### Work instruction
The following data needs to be repeated exactly, with all images excluded.

### Material provided
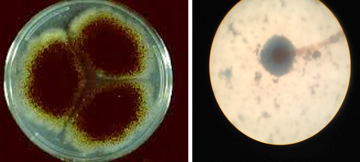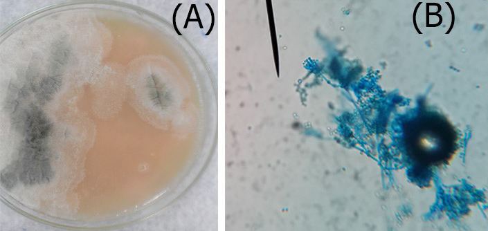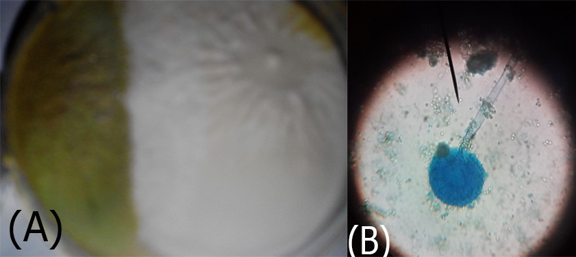 A. Aspergillus flavus colonies greenish-oily colour; B. reproductive head on Conidiophores very clear
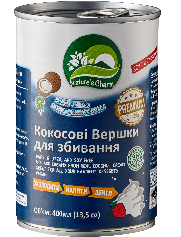 Вершки Nature's Charm Coconut Whipping Cream виготовляються в Таїланді з кокосових горіхів найкращої якості. Кокосові вершки Nature's Charm для збивання насичені та кремові зі справжніх кокосових вершків, що робить їх чудовими для всіх ваших улюблених десертів.
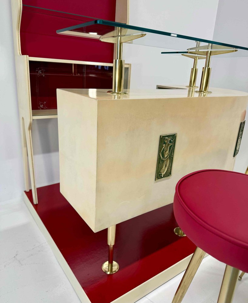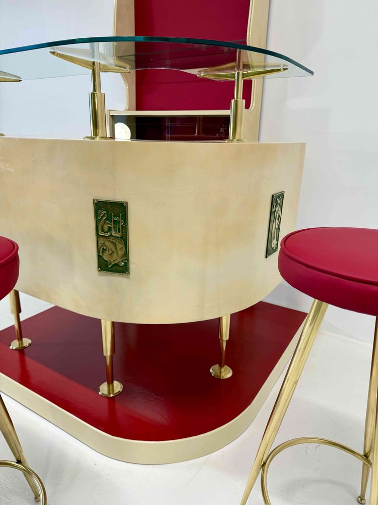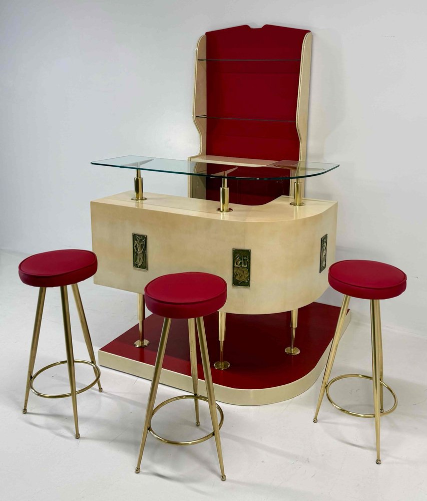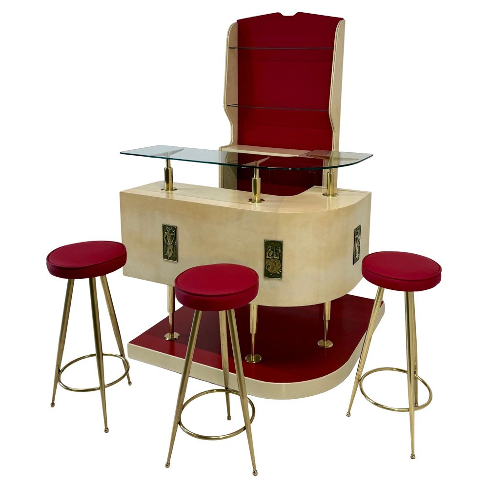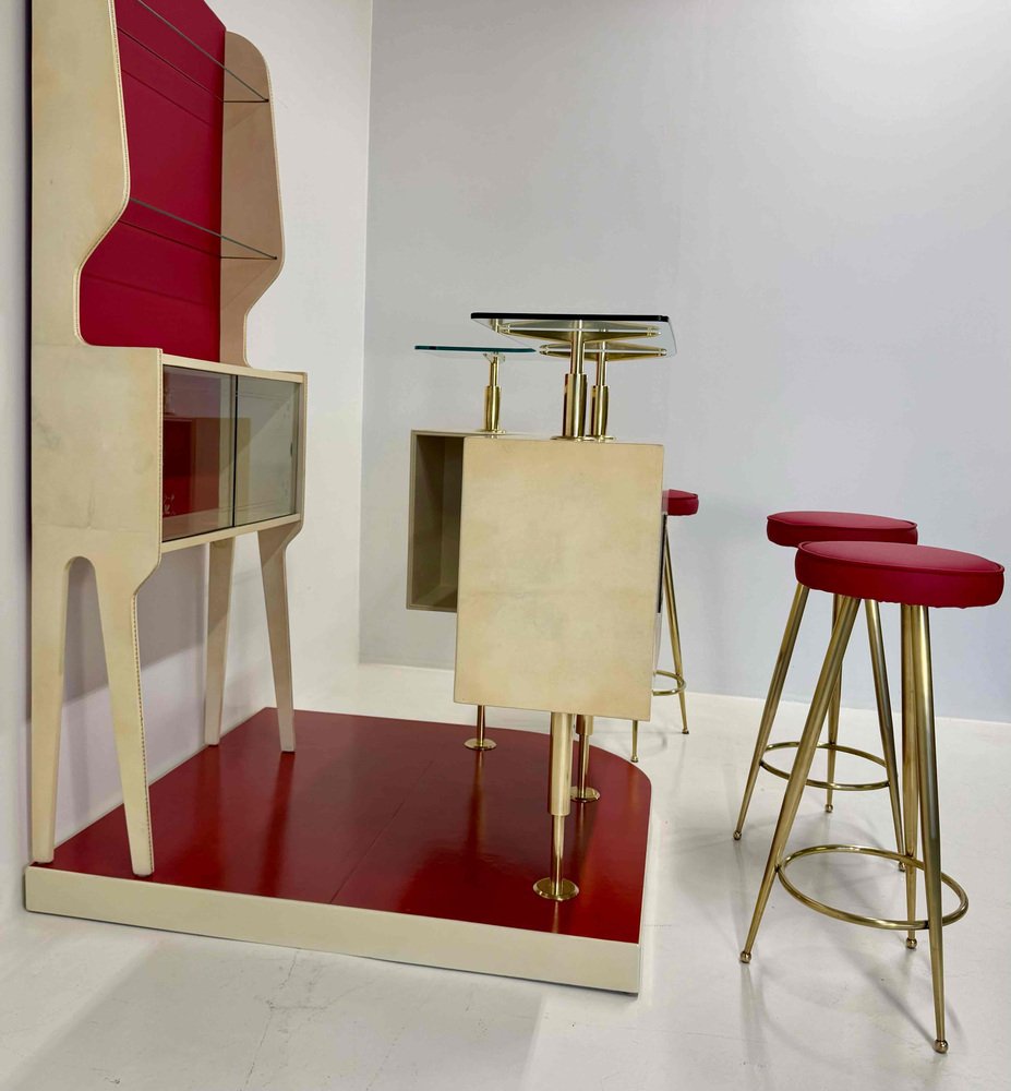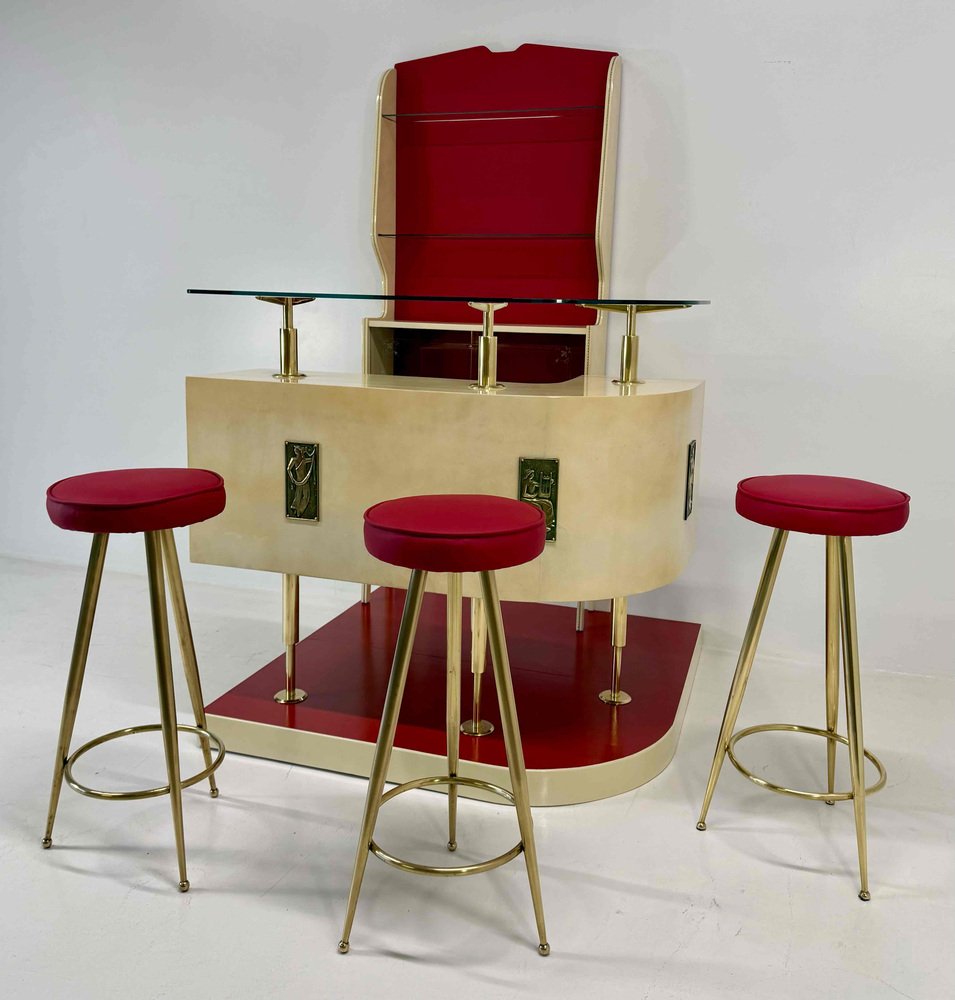 The ensemble is completed by three original stools, featuring recently reupholstered red leather seats with brass legs and footrests, perfectly coordinated with the formal language of the bar.

### Solution
 A. Aspergillus flavus colonies greenish-oily colour; B. reproductive head on Conidiophores very clear
 Вершки Nature's Charm Coconut Whipping Cream виготовляються в Таїланді з кокосових горіхів найкращої якості. Кокосові вершки Nature's Charm для збивання насичені та кремові зі справжніх кокосових вершків, що робить їх чудовими для всіх ваших улюблених десертів.
 The ensemble is completed by three original stools, featuring recently reupholstered red leather seats with brass legs and footrests, perfectly coordinated with the formal language of the bar.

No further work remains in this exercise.